Vikan faced that challenge in the same way it had always done: by looking at the materials the company was using to produce its cleaning tools. In other words, by reconsidering what’s in a brush. The conclusion was that synthetic materials – plastic and nylon – were the way forward, and Vikan charged ahead to produce its revolutionary “White Series” of hygienic brushes for the food and beverage industry.

Anyone familiar with Vikan’s product range today can see that the rest is history, so to speak. Vikan is known throughout the world as the leader in hygienic cleaning tools – tools that clean effectively over the long haul and can be kept clean, enabling them to also clean hygienically. An interesting aside in this connection is that sometimes it’s not the materials that are used in a product, but the materials that are no longer used, that make the difference. For instance, by doing away with staples and resin, and using fully moulded bristles instead, our UST range has removed two potential food contaminants from the equation.

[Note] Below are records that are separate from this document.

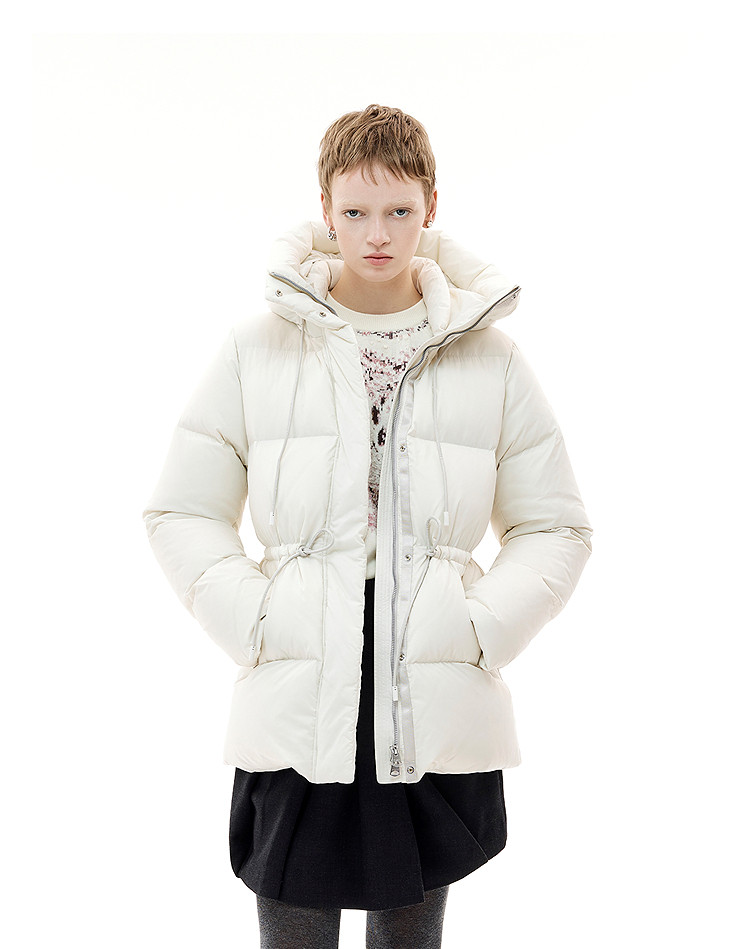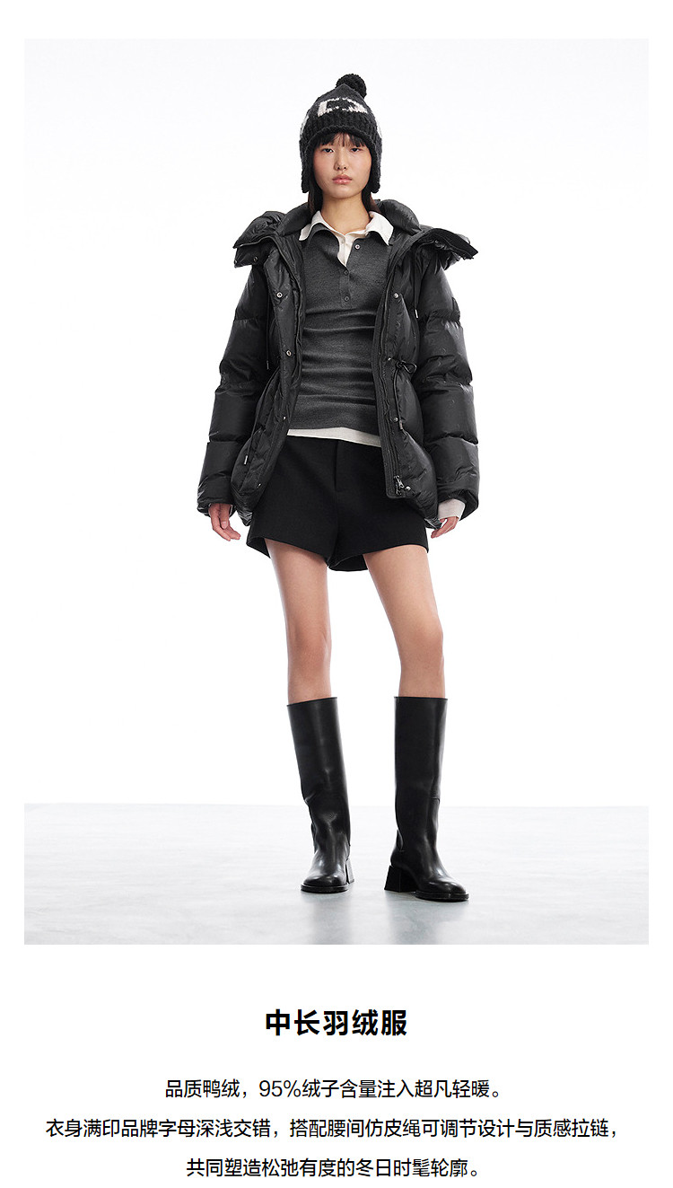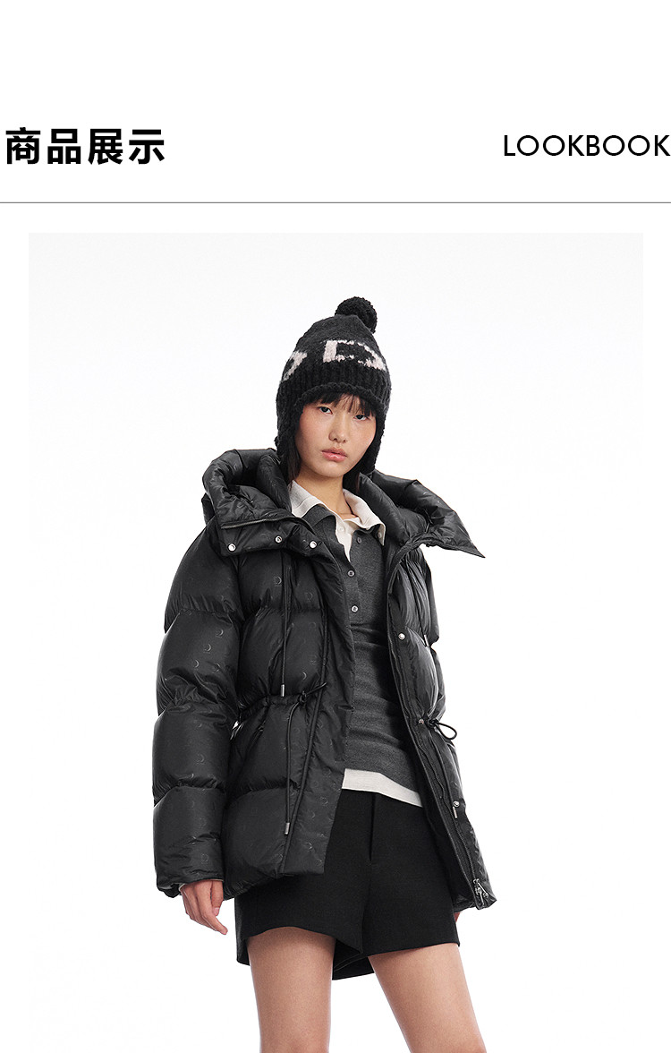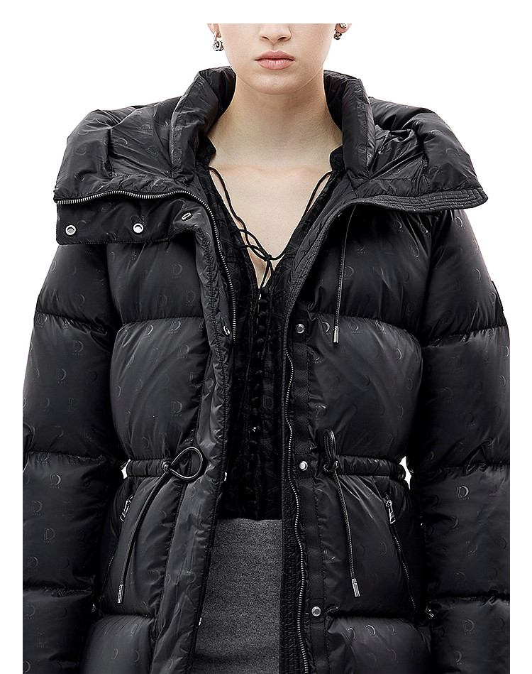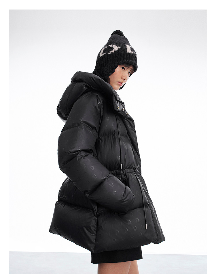 Dazzle 25Th Winter Black Waist-Tightening Drawstring Cloud Puff Mid-Length down Jacket for Women
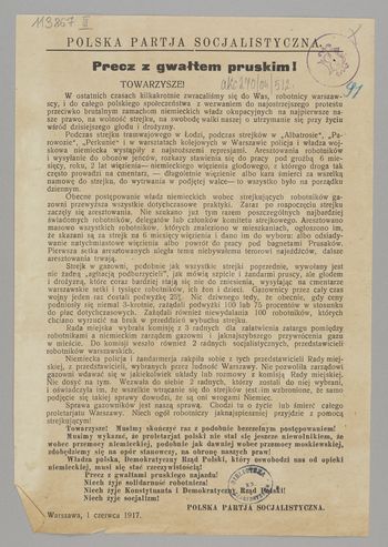 Odezwa w związku ze strajkiem w gazowni warszawskiej, zawierająca protest przeciwko represjom niemnieckich władz okupacyjnych.
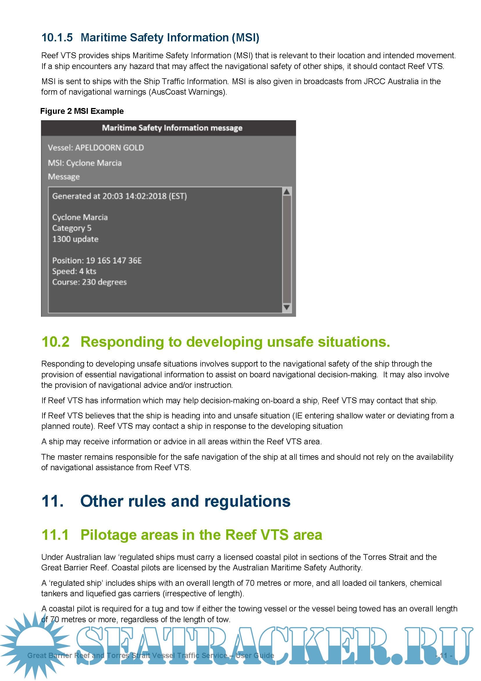 • the regulatory requirements for ships entering and transiting through the Reef VTS Area, including the mandatory reporting procedures, recommended shipping routes and compulsory pilotage areas;
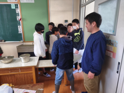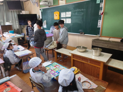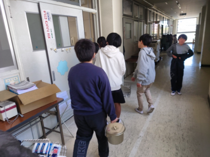 6年生の人たちが、1年生の給食を運んできてくれました。
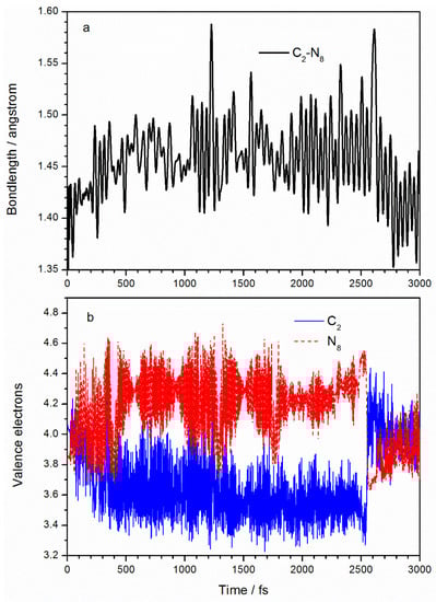 Variations with time of (a) C2–N8 bond length and (b) valence electrons of C2 and N8 atoms in the activated nitro group.

Today, cleaning tools that come into contact with food are subject to yet another materials-related requirement: food-contact compliance. Here too, Vikan is an industry leader, using only food-contact-compliant materials where applicable and, critically, making proof of this compliance readily available on-line in the uniquely detailed Declarations of Compliance we produce for every hygienic cleaning tool we make.

In the context of Vikan’s history, the materials we have used – from wood and natural fibres on to plastic, food-contact-compliant plastic and nylon – have played a critical part in our leadership in hygienic cleaning tools for the food and beverages industry.